Research Tools & Code·arXiv cs.CL·Apr 20

Automatic Slide Updating with User-Defined Dynamic Templates and Natural Language Instructions

Researchers introduced DynaSlide, a 20K-example benchmark for automatically updating presentation slides via natural language commands on custom templates, plus SlideAgent, an agent framework combining multimodal parsing and language models to handle real-world business reporting decks.

Modelwire context

Explainer

The harder problem here isn't generating slides from scratch but editing existing ones while respecting user-defined template constraints, a distinction that makes DynaSlide meaningfully different from prior document-generation benchmarks. The 20K-example scale also suggests the researchers are targeting fine-tuning and evaluation use cases, not just prompting experiments.
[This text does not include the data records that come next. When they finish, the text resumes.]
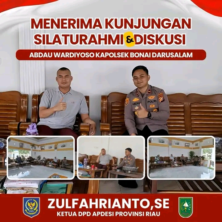 Ketua Apdesi Provinsi Riau Zulfahrianto SE menyambut baik kunjungan tersebut dan mengucapkan terima kasih kepada Kapolsek Bonai Darussalam atas kesediaan kunjungan silaturahmi dan diskusi.
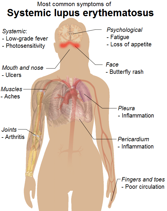 Symptoms of Lupus Erythematosus, primarily an inflammatory disorder of skin and connective tissue.
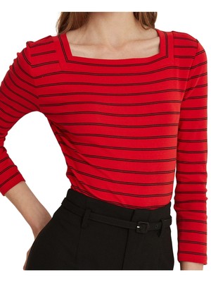 LAUREN RALPH LAUREN Женский красный полосатый топ с квадратным вырезом и рукавами 3/4
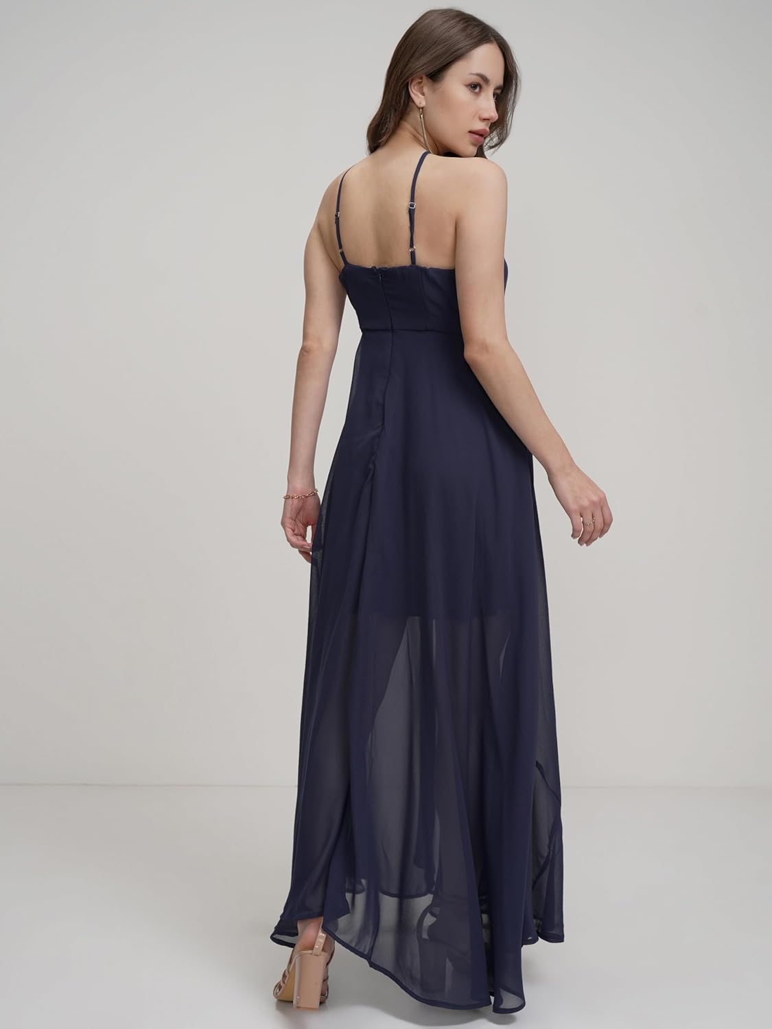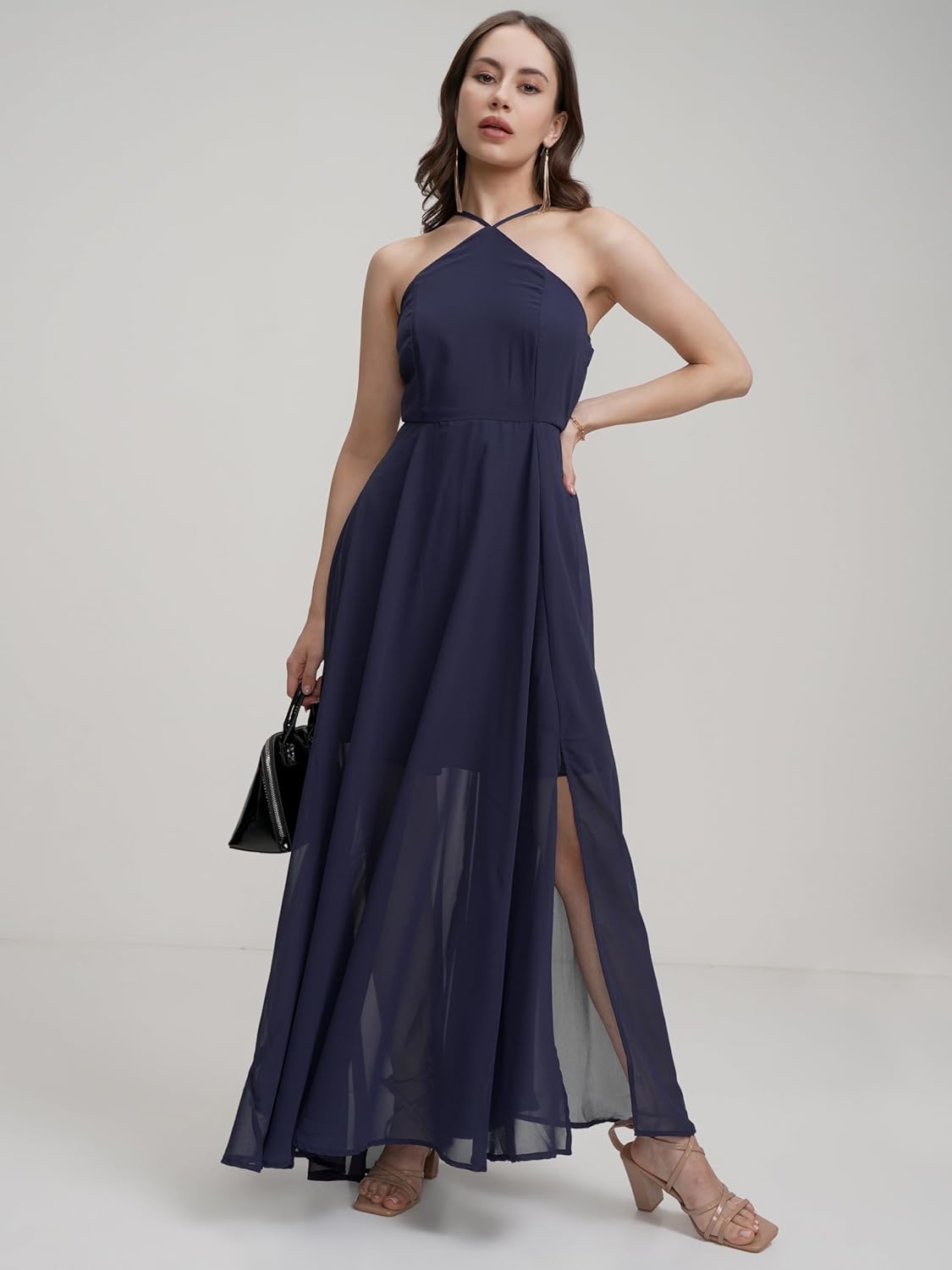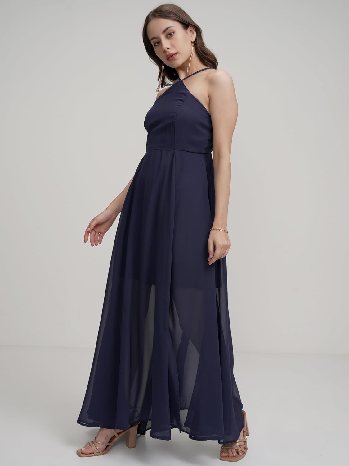 Tokyo Talkies Halter Neck Flowy Maxi Dress | Cinched Waist | Elegant & Airy Silhouette for a Breezy, Effortless Look

SlideAgent sits in a cluster of agent frameworks that combine multimodal parsing with structured output tasks. The MM-WebAgent paper from April 16 tackled a closely parallel problem: maintaining visual and stylistic coherence across a generated document while an agent coordinates layout and content decisions. Both papers treat the document as a constrained artifact, not a blank canvas, which is the architectural choice that actually matters. OpenAI's updated Agents SDK from April 15 provides the kind of native sandbox execution that frameworks like SlideAgent would need to run reliably in production, so the infrastructure layer is maturing alongside the task-specific research.

Watch whether SlideAgent's benchmark gets adopted by any of the major office-suite integrations (Google Workspace or Microsoft 365 Copilot) within the next six months. Adoption there would confirm the task formulation is practically useful; continued academic-only citation would suggest the template-constraint problem is harder to productize than the paper implies.

Coverage we drew on

MM-WebAgent: A Hierarchical Multimodal Web Agent for Webpage Generation · arXiv cs.CL

This analysis is generated by Modelwire’s editorial layer from our archive and the summary above. It is not a substitute for the original reporting. How we write it.

MentionsDynaSlide · SlideAgent

Read full story at arXiv cs.CL →(arxiv.org)

Modelwire Editorial

This synthesis and analysis was prepared by the Modelwire editorial team. We use advanced language models to read, ground, and connect the day’s most significant AI developments, providing original strategic context that helps practitioners and leaders stay ahead of the frontier.

Our mission How we write

Modelwire summarizes, we don’t republish. The full content lives on arxiv.org. If you’re a publisher and want a different summarization policy for your work, see our takedown page.